The sole issue on appeal is whether the tortious conduct of Amerson can give rise to an issue of fact for the jury on a claim for punitive damages against the Bank of New Mexico.

The rule is well established in New Mexico that the principal, or master, is liable for punitive or exemplary damages only in cases where the principal or master has in some way authorized, participated in or ratified the acts of the agent or servant, which acts were wanton, oppressive malicious, fraudulent or criminal in nature.

Cases holding liability for punitive damages are: Galindo v. Western States Collection Company, 82 N.M. 149, 477 P.2d 325 (Ct.App.1970); Grandi v. LeSage, 74 N.M. 799, 399 P.2d 285 (1965); Bank of New Mexico v. Rice, 78 N.M. 170, 429 P.2d 368 (1967); Jones v. Citizens Bank of Clovis, 58 N.M. 48, 265 P.2d 366 (1954).

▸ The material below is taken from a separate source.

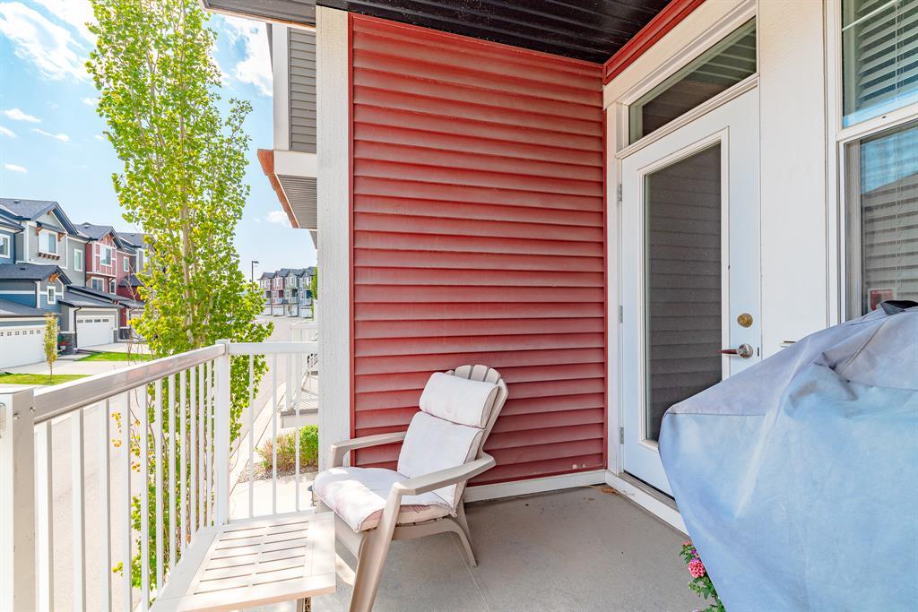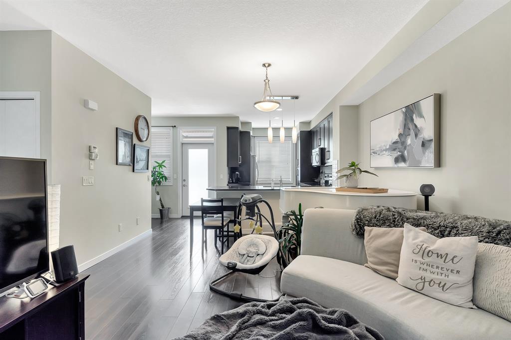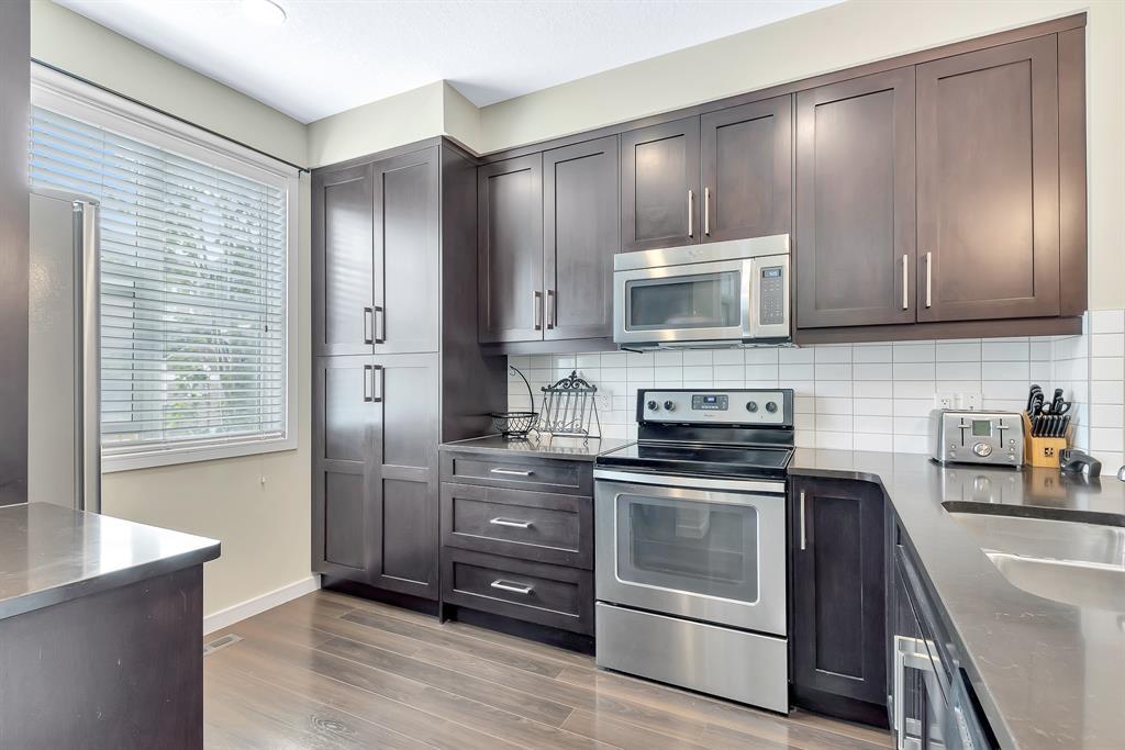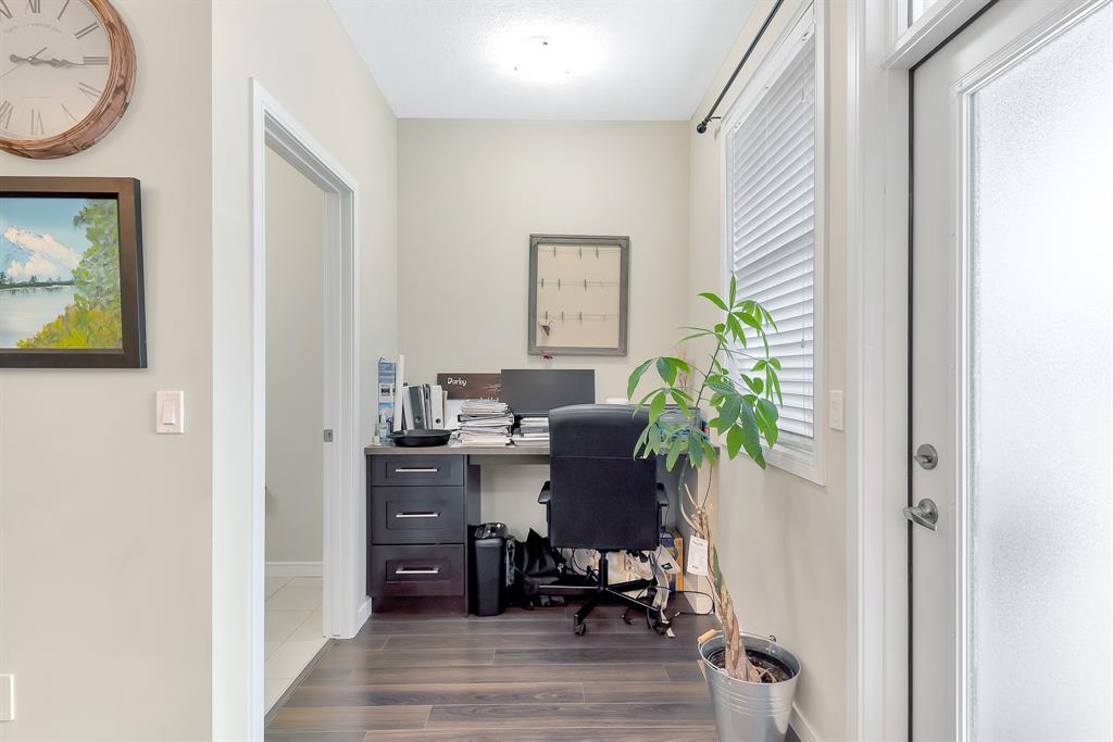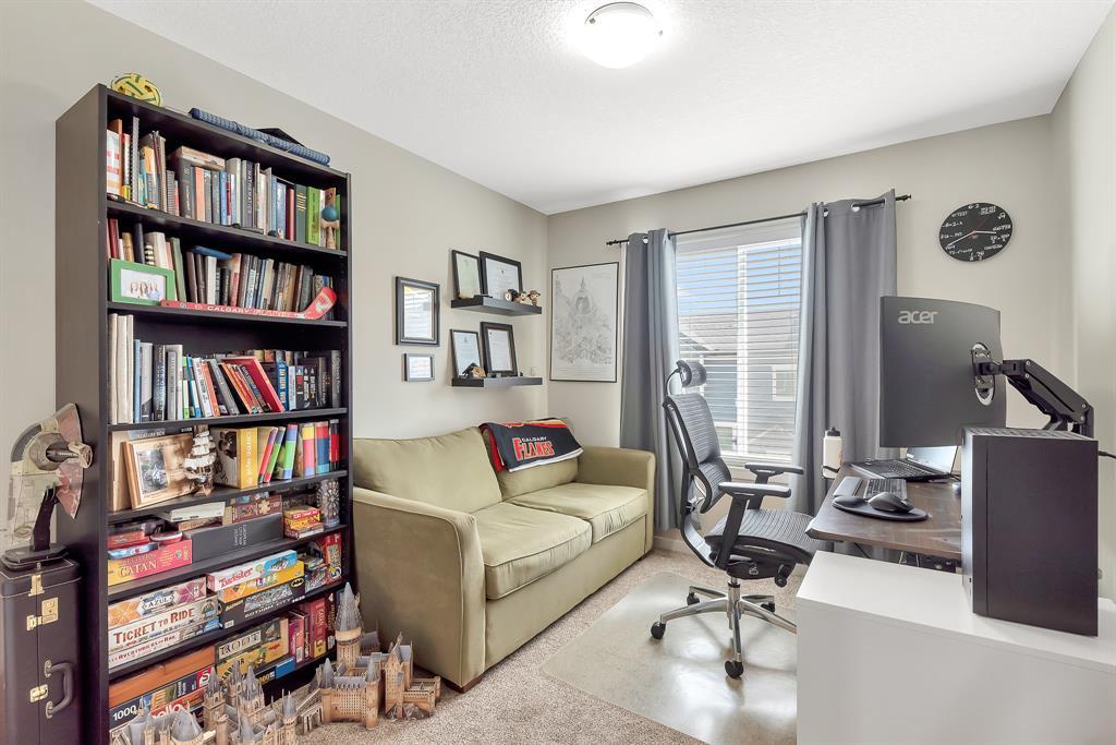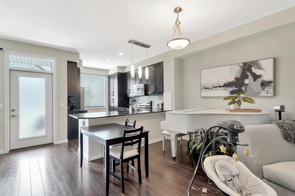 HOME SWEET HOME! Welcome to this like stunning townhouse right across street from Gates of Nolan Hill(shopping mall)! Features 3 bedroom plus a den, 2.5bath, this home offers an open plan on main floor when entering. 9ft ceilings and LVP flooring throughout living, dining & kitchen area. Full heights dark maple cabinets in kitchen packed with dark granite counter tops and stainless steel appliances give you a modern kitchen while cooking becomes more entertaining. Around the corner is a office/den area with a built-in computer desk, half bath and a door step out to the sunny south facing deck. Upper floor offers 3 good sized bedroom, 2 full bath including a master with WIC and a 4pcs ensuite. Few steps down is the access to garage and a rec room which can be a storage or guest bedroom. Insulated double with back lane access for your vehicle and tools & toys! Excellent location with quick & easy route to major roadways, all major grocery stores & retailers, and steps into nature with Calgary's extensive pathway system. You won't be disappointed! (id:22211)

Not liable for punitive damages are: Sanchez v. Securities Acceptance Corp., 57 N.M. 512, 260 P.2d 703 (1953); Miera v. George, 55 N.M. 535, 237 P.2d 102 (1951); Stewart v. Potter, 44 N.M. 460, 104 P.2d 736 (1940); Loucks v. Albuquerque National Bank, 76 N.M. 735, 418 P.2d 191 (1966); Fredenburgh v. Allied Van Lines, Inc., 79 N.M. 593, 446 P.2d 868 (1968).

However, these cases have not reached the problem with which we are confronted. None of the New Mexico cases discussed the liability of a principal for the wrongful acts of an agent or servant like Amerson who was a branch manager and an officer of a national bank. This is a matter of first impression in New Mexico.